Output the lines of the records from the one containing "2 1.Symmetrical Repeats: Glide" through the last, both ends included. Leave pictures out.

[Collected data entries]
———

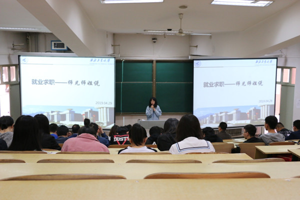 4月29日,yl7703永利集团毕业系列活动“师兄师姐说”就业分享会在友谊校区研究生西馆XB102举行。我院2019届硕士毕业生杜勇勇、鲁晓莉,机电学院2019届本科毕业生张育菲与同学们分享了他们的就业、考研和出国故事。党委副书记马西平、辅导员高永光参加了此次分享会。会议由马西平主持。
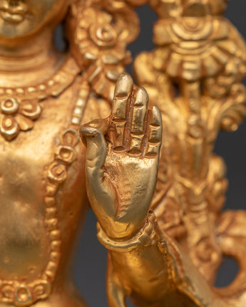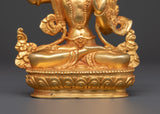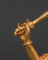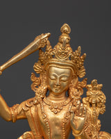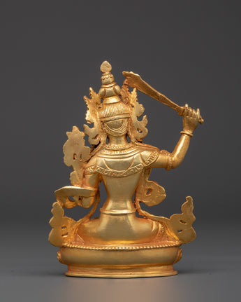 This exquisite statue of Manjushri, the guardian of enlightened wisdom, exemplifies the fine Tibetan artistry. Crafted from copper and elegantly gold-plated, the statue captures Manjushri holding his iconic sword, symbolizing the cutting through of delusions and ignorance. Standing at 14.5 cm tall and 10.5 cm wide, this finely detailed piece embodies both spiritual significance and artistic mastery. Ideal for meditation spaces or as a meaningful collectible, it serves as a powerful reminder of mindfulness, clarity, and the pursuit of wisdom in daily life.
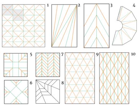 2 1.Symmetrical Repeats: Glide Reflection, 2. Stretch and Skew: Stretch, 3&4. Stretch and Skew: Stretch,, 5&6. V-Pleats: VariationsCoexisting Vs, 7. V-Pleats: Multiple Vs - Making by Hand, 8. V-Pleats: Multiple Vs - Variations, 9&10. Spans & Parabolas: X-form Spans
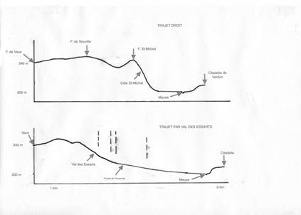 Fig. 5. Coupes topographiques Fort de Vaux – Citadelle de Verdun
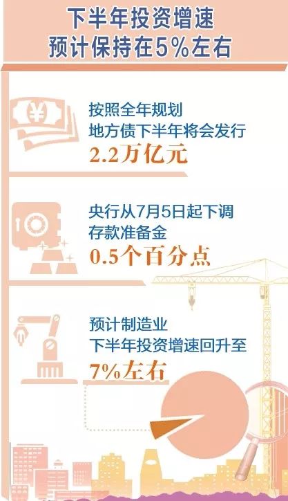 随着地方债供给规模逐步加大,且央行从7月5日起下调存款准备金0.5个百分点,将释放一定的流动性,基建资金来源压力将有所缓解。基建投资增速下滑局面将在一定程度上得到缓解,预计下半年投资增速将保持在5%左右。
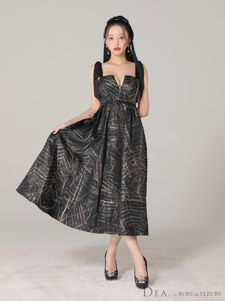 4. 【DEA.by ROBE de FLEURS/ディア】エレガント オープンバスト ジップデザイン ノースリーブ ジャガード サテンリボン Aラインロングドレス (DE3268)
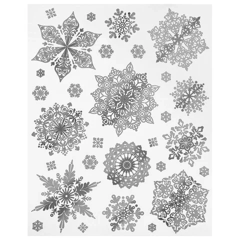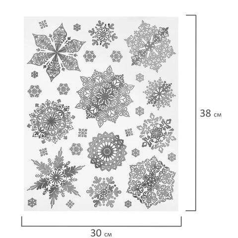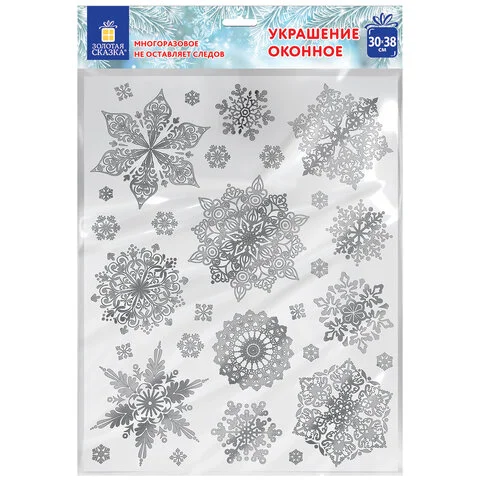 Наклейка на окно Золотая Сказка Снежинки 30х38см, двусторонняя, многоразовая, фольга, серебро
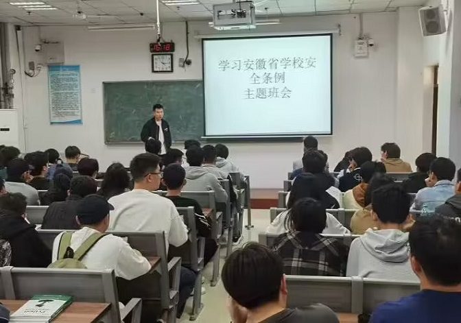 《安徽省学校安全条例》共六章,包括总则、附则以及风险防控、安全管理、事故处理、法律责任等,从2023年1月1号起施行。主题班会上,辅导员们从《条例》出台背景、实施意义和主要内容等多个方面进行解读,着重阐述了条例总则、风险防控、安全管理、事故处理等相关条款内容,引导学生对照条例,深刻检视自身在校园安全方面的职责和义务。同学们纷纷表示,要把安全牢记于心,树牢法治思维和安全底线,积极配合学院织密织牢校园安全防护网,为学校安全工作贡献青春力量。

———

RESULT FOR THIS TASK:
 2 1.Symmetrical Repeats: Glide Reflection, 2. Stretch and Skew: Stretch, 3&4. Stretch and Skew: Stretch,, 5&6. V-Pleats: VariationsCoexisting Vs, 7. V-Pleats: Multiple Vs - Making by Hand, 8. V-Pleats: Multiple Vs - Variations, 9&10. Spans & Parabolas: X-form Spans
 Fig. 5. Coupes topographiques Fort de Vaux – Citadelle de Verdun
 随着地方债供给规模逐步加大,且央行从7月5日起下调存款准备金0.5个百分点,将释放一定的流动性,基建资金来源压力将有所缓解。基建投资增速下滑局面将在一定程度上得到缓解,预计下半年投资增速将保持在5%左右。
 4. 【DEA.by ROBE de FLEURS/ディア】エレガント オープンバスト ジップデザイン ノースリーブ ジャガード サテンリボン Aラインロングドレス (DE3268)
 Наклейка на окно Золотая Сказка Снежинки 30х38см, двусторонняя, многоразовая, фольга, серебро
 《安徽省学校安全条例》共六章,包括总则、附则以及风险防控、安全管理、事故处理、法律责任等,从2023年1月1号起施行。主题班会上,辅导员们从《条例》出台背景、实施意义和主要内容等多个方面进行解读,着重阐述了条例总则、风险防控、安全管理、事故处理等相关条款内容,引导学生对照条例,深刻检视自身在校园安全方面的职责和义务。同学们纷纷表示,要把安全牢记于心,树牢法治思维和安全底线,积极配合学院织密织牢校园安全防护网,为学校安全工作贡献青春力量。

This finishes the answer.